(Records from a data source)
........
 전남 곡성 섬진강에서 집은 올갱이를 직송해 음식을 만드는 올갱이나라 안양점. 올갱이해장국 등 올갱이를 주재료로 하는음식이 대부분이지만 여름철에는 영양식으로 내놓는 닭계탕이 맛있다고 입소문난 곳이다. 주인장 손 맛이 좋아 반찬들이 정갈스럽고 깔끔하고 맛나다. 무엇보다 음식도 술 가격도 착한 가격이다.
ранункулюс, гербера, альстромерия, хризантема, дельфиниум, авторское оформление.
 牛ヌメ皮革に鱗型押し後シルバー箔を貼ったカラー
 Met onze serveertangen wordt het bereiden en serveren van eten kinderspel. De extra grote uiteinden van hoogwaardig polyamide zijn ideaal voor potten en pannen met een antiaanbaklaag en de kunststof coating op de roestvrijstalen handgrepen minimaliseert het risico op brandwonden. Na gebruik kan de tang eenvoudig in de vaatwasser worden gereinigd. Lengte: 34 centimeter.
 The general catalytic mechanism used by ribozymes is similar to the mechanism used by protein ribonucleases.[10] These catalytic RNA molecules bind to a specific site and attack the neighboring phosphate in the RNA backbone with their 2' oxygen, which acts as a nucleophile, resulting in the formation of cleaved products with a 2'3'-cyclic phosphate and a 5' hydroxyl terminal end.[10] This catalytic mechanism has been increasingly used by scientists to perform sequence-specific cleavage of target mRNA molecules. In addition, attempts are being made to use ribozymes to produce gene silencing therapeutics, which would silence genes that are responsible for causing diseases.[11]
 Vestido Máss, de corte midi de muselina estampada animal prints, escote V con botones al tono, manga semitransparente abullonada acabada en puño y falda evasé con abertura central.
........
■ Your task
Please reproduce the closing stretch of the records, from the line with "Met onze serveertangen" through the last line, exactly as it stands.

■ Answer space
 Met onze serveertangen wordt het bereiden en serveren van eten kinderspel. De extra grote uiteinden van hoogwaardig polyamide zijn ideaal voor potten en pannen met een antiaanbaklaag en de kunststof coating op de roestvrijstalen handgrepen minimaliseert het risico op brandwonden. Na gebruik kan de tang eenvoudig in de vaatwasser worden gereinigd. Lengte: 34 centimeter.
 The general catalytic mechanism used by ribozymes is similar to the mechanism used by protein ribonucleases.[10] These catalytic RNA molecules bind to a specific site and attack the neighboring phosphate in the RNA backbone with their 2' oxygen, which acts as a nucleophile, resulting in the formation of cleaved products with a 2'3'-cyclic phosphate and a 5' hydroxyl terminal end.[10] This catalytic mechanism has been increasingly used by scientists to perform sequence-specific cleavage of target mRNA molecules. In addition, attempts are being made to use ribozymes to produce gene silencing therapeutics, which would silence genes that are responsible for causing diseases.[11]
 Vestido Máss, de corte midi de muselina estampada animal prints, escote V con botones al tono, manga semitransparente abullonada acabada en puño y falda evasé con abertura central.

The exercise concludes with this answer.